Instructions for the task:
Pull out of the data below the stretch of lines bounded by the one containing "Since attachment of" and the one containing "Посудомоечная машина с", both bounds included, unchanged.
** Records follows **
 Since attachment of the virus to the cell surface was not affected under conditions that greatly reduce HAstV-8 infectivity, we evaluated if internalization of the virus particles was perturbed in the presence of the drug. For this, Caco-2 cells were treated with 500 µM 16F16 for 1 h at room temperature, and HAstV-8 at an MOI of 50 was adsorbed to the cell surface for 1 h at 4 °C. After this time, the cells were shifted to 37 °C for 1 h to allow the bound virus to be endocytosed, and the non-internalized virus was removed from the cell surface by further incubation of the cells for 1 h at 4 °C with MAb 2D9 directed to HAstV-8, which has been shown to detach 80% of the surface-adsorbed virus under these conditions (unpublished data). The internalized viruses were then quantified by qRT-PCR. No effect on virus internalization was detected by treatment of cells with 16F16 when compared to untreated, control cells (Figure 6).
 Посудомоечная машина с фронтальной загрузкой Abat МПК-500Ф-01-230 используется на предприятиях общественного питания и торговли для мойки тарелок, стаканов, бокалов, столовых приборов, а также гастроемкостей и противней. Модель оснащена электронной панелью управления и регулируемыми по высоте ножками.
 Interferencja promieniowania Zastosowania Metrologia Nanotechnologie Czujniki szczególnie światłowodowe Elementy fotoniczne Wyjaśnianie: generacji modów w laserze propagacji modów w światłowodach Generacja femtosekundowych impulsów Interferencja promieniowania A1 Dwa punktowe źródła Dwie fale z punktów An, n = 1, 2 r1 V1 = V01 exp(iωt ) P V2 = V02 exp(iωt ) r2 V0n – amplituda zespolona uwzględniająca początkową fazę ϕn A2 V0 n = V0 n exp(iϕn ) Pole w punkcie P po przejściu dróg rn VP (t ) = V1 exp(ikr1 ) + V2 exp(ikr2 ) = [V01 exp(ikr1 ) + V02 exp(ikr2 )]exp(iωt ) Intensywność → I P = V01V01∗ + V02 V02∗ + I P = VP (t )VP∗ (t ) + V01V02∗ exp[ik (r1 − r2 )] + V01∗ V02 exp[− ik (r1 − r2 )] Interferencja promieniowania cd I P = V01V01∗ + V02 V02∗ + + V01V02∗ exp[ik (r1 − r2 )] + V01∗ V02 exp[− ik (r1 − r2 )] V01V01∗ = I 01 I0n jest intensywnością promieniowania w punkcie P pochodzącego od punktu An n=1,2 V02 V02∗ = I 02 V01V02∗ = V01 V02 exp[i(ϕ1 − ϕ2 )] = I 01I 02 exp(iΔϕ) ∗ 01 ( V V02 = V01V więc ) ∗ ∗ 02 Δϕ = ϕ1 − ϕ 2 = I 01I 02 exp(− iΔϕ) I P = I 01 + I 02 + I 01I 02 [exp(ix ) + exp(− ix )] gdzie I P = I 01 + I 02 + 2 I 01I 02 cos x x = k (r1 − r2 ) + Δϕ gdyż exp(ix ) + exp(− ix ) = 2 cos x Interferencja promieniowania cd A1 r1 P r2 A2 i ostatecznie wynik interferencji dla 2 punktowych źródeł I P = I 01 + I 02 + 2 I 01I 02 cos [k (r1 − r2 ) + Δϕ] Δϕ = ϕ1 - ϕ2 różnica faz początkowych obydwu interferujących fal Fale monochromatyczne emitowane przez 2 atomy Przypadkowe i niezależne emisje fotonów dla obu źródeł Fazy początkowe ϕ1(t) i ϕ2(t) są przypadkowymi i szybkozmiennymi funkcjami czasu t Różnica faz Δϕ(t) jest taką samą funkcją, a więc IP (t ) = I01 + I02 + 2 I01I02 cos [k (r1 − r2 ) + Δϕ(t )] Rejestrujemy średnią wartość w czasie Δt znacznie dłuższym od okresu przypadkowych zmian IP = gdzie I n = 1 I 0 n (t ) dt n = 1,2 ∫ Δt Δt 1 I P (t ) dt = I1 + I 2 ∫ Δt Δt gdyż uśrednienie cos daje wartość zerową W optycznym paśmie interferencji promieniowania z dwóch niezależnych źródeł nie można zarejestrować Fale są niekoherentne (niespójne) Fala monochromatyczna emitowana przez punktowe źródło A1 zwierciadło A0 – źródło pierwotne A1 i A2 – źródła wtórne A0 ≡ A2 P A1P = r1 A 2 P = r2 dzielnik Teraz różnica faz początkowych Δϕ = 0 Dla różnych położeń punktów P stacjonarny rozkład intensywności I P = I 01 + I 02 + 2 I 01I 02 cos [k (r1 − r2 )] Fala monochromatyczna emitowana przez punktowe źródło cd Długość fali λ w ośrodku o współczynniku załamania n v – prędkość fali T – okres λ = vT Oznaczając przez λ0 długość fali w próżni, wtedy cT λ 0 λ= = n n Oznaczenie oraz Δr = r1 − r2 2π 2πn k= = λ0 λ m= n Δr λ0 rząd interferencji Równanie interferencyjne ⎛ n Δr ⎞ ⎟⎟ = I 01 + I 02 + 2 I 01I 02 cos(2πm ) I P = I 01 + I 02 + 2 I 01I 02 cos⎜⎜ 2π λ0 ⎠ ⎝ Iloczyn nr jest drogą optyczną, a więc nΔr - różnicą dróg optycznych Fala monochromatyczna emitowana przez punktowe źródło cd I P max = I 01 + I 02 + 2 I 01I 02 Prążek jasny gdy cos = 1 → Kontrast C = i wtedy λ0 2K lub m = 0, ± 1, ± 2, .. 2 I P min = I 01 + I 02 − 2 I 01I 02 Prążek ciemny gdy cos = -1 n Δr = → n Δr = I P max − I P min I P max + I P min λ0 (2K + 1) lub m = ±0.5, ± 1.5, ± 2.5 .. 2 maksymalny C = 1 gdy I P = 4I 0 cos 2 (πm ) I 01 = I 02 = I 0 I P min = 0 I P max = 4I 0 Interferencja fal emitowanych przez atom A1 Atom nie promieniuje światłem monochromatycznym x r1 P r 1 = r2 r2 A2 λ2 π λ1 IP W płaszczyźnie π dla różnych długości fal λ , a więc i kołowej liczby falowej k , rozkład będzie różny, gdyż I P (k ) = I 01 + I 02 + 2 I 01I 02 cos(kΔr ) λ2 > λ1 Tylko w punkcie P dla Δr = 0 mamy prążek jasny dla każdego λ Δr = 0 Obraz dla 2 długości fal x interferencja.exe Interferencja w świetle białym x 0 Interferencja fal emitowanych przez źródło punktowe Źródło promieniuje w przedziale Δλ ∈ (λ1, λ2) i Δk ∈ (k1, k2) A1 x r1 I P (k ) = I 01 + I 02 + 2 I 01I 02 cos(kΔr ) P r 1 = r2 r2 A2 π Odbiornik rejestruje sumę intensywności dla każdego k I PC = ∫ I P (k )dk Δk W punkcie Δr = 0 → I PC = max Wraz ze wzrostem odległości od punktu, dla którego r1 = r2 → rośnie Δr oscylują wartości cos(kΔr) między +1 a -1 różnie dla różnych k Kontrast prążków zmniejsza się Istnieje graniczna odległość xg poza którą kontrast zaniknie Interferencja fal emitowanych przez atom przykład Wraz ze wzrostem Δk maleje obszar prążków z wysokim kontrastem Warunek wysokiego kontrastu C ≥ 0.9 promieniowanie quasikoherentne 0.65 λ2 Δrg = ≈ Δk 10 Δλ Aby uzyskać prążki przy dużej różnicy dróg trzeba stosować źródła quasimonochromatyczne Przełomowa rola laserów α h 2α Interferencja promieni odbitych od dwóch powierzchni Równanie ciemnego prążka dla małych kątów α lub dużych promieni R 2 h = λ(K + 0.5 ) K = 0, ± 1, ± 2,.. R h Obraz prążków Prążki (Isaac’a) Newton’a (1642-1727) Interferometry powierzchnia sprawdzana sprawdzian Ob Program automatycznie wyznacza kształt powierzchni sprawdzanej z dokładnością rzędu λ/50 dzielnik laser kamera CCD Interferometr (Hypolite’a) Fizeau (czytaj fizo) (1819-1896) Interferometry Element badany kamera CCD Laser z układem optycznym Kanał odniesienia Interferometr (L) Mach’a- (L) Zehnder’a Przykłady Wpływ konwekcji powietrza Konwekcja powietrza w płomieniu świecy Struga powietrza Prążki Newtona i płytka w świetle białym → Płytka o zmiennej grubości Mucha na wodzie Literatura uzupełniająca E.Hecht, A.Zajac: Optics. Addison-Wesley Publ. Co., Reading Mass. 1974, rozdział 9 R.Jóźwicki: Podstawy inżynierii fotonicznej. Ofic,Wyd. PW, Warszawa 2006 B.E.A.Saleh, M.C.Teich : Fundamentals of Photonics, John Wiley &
** End of Records **
** Records follows **
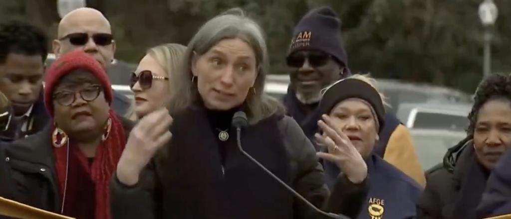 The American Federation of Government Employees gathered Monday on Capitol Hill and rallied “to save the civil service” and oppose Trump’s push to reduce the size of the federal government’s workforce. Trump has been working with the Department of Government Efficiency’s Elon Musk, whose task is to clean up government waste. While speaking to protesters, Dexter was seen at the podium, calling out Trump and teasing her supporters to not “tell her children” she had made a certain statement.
** End of Records **
Exercise solution:
 Since attachment of the virus to the cell surface was not affected under conditions that greatly reduce HAstV-8 infectivity, we evaluated if internalization of the virus particles was perturbed in the presence of the drug. For this, Caco-2 cells were treated with 500 µM 16F16 for 1 h at room temperature, and HAstV-8 at an MOI of 50 was adsorbed to the cell surface for 1 h at 4 °C. After this time, the cells were shifted to 37 °C for 1 h to allow the bound virus to be endocytosed, and the non-internalized virus was removed from the cell surface by further incubation of the cells for 1 h at 4 °C with MAb 2D9 directed to HAstV-8, which has been shown to detach 80% of the surface-adsorbed virus under these conditions (unpublished data). The internalized viruses were then quantified by qRT-PCR. No effect on virus internalization was detected by treatment of cells with 16F16 when compared to untreated, control cells (Figure 6).
 Посудомоечная машина с фронтальной загрузкой Abat МПК-500Ф-01-230 используется на предприятиях общественного питания и торговли для мойки тарелок, стаканов, бокалов, столовых приборов, а также гастроемкостей и противней. Модель оснащена электронной панелью управления и регулируемыми по высоте ножками.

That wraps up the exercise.